Ms O'CONNOR - Thank you. Premier, like the Derwent Valley tourism operators and agricultural producers heavily-affected by smoke from an escaped Forestry Tasmania burn in March this year, these business owners regard industrial native forest logging as a threat to their tourism businesses, Tasmania's brand and the climate.

If your Government will not end the logging of this island's beautiful forests for the climate and young Tasmanians who are demanding it, will you listen to tourism operators, some of whom have joined us in the Chamber today, who are pleading with you to act?

ANSWER

Mr Speaker, I thank the Leader of the Greens, Ms O'Connor, for that question. I welcome those tourism operators to the Chamber. It is an interesting question that you ask, because one of the examples of empirical evidence of where forestry and tourism can coexist is in my own electorate, in Derby.
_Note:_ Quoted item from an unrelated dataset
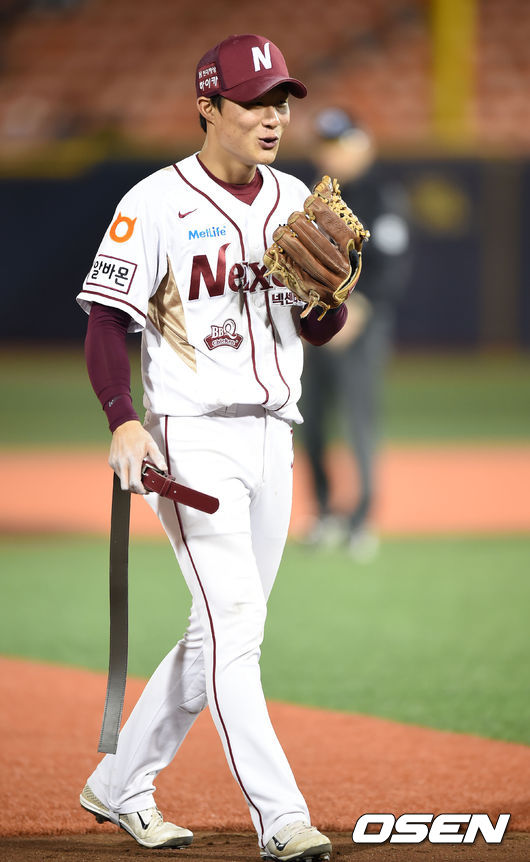 7회초 넥센 김하성이 수비도중 허리 벨트가 끊어져 교체하고 있다.

Ms O'Connor - They're about to log around Derby.

Mr SPEAKER - Ms O'Connor, Order.

Mr GUTWEIN - I was involved in many of those early discussions with the tourism industry, the local council, the STT. Although, back then I think I was in opposition, so it would have been Forestry Tasmania. What was able to be achieved, very successfully, in Derby was a coexistence, something that demonstrated that we could have tourism, but we could also have sustainable forestry. What I have witnessed - and I am certain we will witness again post 15 December - is that people are voting with their feet. Derby is an extraordinary example of coexistence between the industry, tourism and the forestry industry.
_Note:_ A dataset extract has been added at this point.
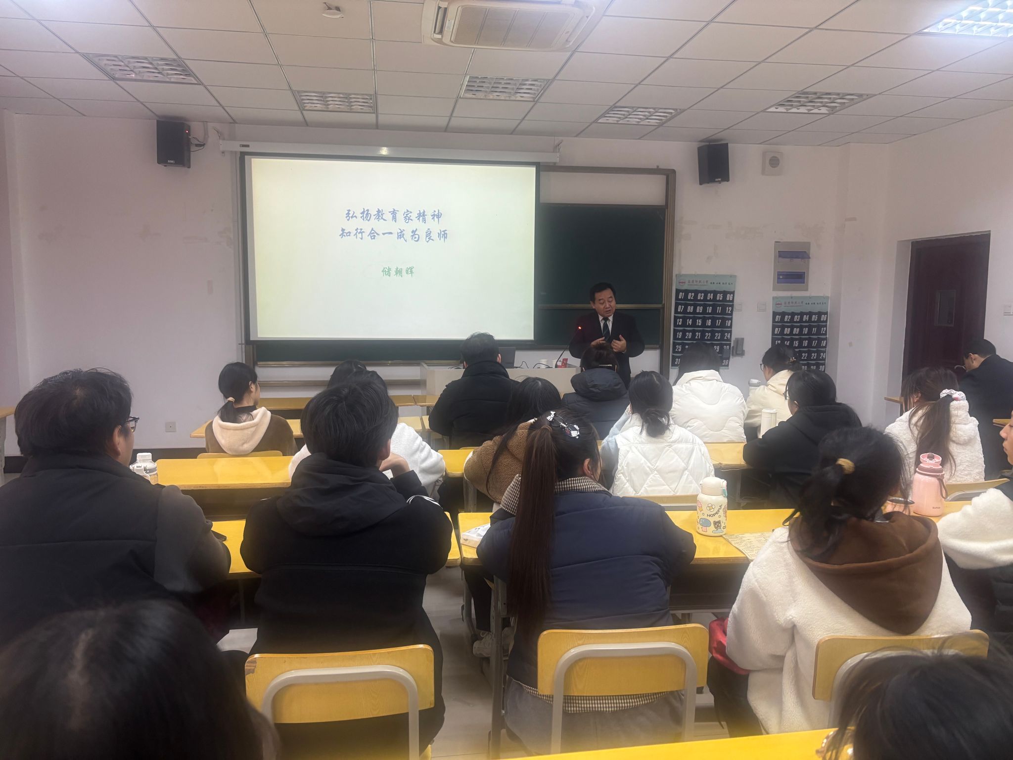 报告会上,储朝晖以“教育家精神的当代意蕴与教师成长”为主线,系统阐释了教育家精神的内涵、生成机制及其在新时代教师队伍建设中的重要意义。他指出,教育家精神并非高不可攀的模板,而是一种“爱教育、懂教育、致力于改进教育”的专业精神,其核心在于博爱之心、独立思考、不懈求新与教育敏锐力。储朝晖强调,弘扬教育家精神需以法治为基础、思想自由为条件、教学创造为途径,真正实现“精神自主、行为自觉”。结合陶行知的教育实践与精神成长,储朝晖深入剖析了“行知精神”的多元内涵,包括求真精神、探索精神、奉献精神与创造精神,并指出教育家精神的激发源于教育人的内求与自主创作,而非外部的绩效追逐。他呼吁教师应挣脱“被定义”的枷锁,回归人的本真状态,在真实的教育场景中发现问题、解决问题。针对当前教师发展中存在的“名师工程”异化现象,储朝晖明确提出应以“良师”为价值取向,强调良师的核心在于对学生的真切关注、理性引导与持续改进。他倡导教师应通过“知行合一”的教育实践,走进学生内心,积极参与教育改进,从而在服务学生成长的过程中实现自我超越。

Greens members interjecting.

Mr SPEAKER - Dr Woodruff, you are on a warning.

Mr GUTWEIN - I have watched with amazement as people have beaten a path to Derby's door, where there has been a coexistence of sustainable forestry and tourism. We have watched that mining town - which was once decimated in population and economic opportunity - spring to life as hundreds of thousands of people from around this country and around the world -

Greens members interjecting.

Mr SPEAKER - Ms O'Connor, why is it impossible for you to ask a question and listen to the answer without interjecting? You are on a warning.

Dr WOODRUFF - Point of clarification, Mr Speaker.

Mr SPEAKER - There is no such thing as a point of clarification.

Dr WOODRUFF - Can I clarify that the Leader of the Opposition interjected eight times on a question earlier this morning. I am wondering whether there is consistency in this issue.

Mr SPEAKER - That is not a point of order. Please sit down.

Mr GUTWEIN - Acknowledging that we have tourism operators in the Chamber, I have witnessed the fact that coexistence can occur.

You reached into COP26 and the Glasgow Declaration, yet you are well aware that the land-use clearing regimen in this state changed more than a decade ago. We do not cut forests down and not regrow them. We engage in sustainable forestry in Tasmania, sustainable harvesting. All of us bring to this place our own lived experiences. One of those lived experiences that I have had has been to watch what I would consider to be an economic miracle occur at Derby where we have witnessed the coexistence of tourism with sustainable forestry management. As I have indicated, the world and the broader country have voted with their feet in that example.

It did not surprise me that you reached into COP26, but you know full-well that what was signed at COP26 is something that this state put in place over a decade ago -

Ms O'CONNOR - Point of order, Mr Speaker, the Premier has misled the House. The COP26 agreement is about reversing forest loss.

Mr SPEAKER - That is not a point of order. The Premier has the call.

Mr GUTWEIN - Mr Speaker, regarding forest loss, it is well understood that in this state we plant more trees than we take. So, regarding the Leader of the Greens tabling her letter and the position she brings to this place, I believe very firmly that sustainable forestry and tourism can coexist, and that there are world-leading examples of where that occurs right here in this state. Those examples are well understood by the world and, by the country. As I have said, not only they have beaten a path to our door prior to 15 December, but I expect post 15 December they will continue to revel in what is one of the best examples in coexistence in two industries in the world.